The MovingPandas repository contains multiple tutorials in the form of Jupyter notebooks that illustrate diverse analysis capabilities using different datasets, including: tracking data of ships, migration of birds, and tracks from a horse’s GPS collar.

MovingPandas Trajectory objects are created from GeoPandas GeoDataFrames.

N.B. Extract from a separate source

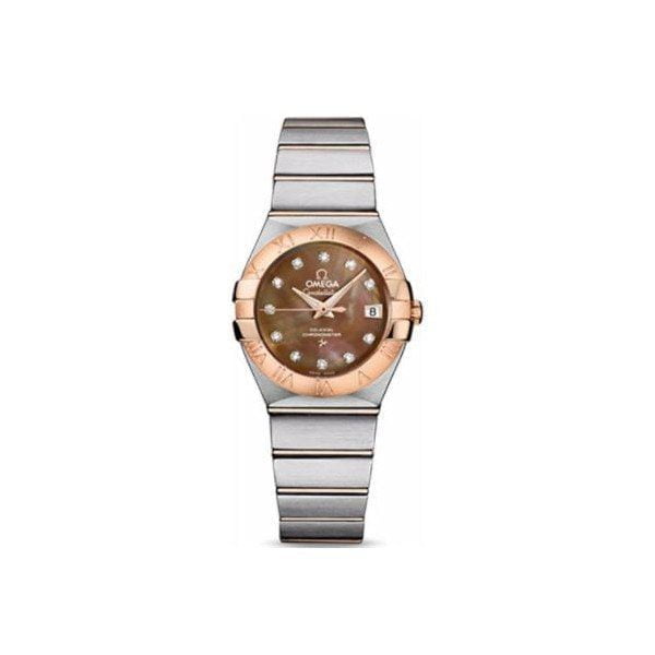 27 mm brushed stainless steel and 18K red gold case, transparent back, domed scratch-resistant sapphire crystal with anti-reflective treatment both sides, fancy mother-of-pearl dial with diamond hour markers, self-winding chronometer Omega 8520 movement with Co-Axial Escapement, date, and seconds, approximately 50 hours of power reserve, stainless steel and 18K red gold bracelet. Water resistant to 100 m.

A minimal example would be:

import pandas as pd
import geopandas as gpd
import movingpandas as mpd
from shapely.geometry import Point
from datetime import datetime
from pyproj import CRS

df = pd.DataFrame([
  {'geometry':Point(0,0), 't':datetime(2018,1,1,12,0,0)},
  {'geometry':Point(6,0), 't':datetime(2018,1,1,12,6,0)},
  {'geometry':Point(6,6), 't':datetime(2018,1,1,12,10,0)},
  {'geometry':Point(9,9), 't':datetime(2018,1,1,12,15,0)}
]).set_index('t')
gdf = gpd.GeoDataFrame(df, crs=CRS(31256))
traj = mpd.Trajectory(gdf, 1)

MovingPandas provides static plots using Matplotlib and interactive plots using hvplot:

traj.plot()

Matplotlib and hvplot parameters are passed along to the underlying libraries to enable extensive customization of plots:

traj.hvplot(geo=True, tiles='OSM', line_width=5, frame_width=300, frame_height=300)

Exploring Movement Characteristics

MovingPandas makes it straightforward to compute movement characteristics, such as trajectory length and duration, as well as movement speed and direction.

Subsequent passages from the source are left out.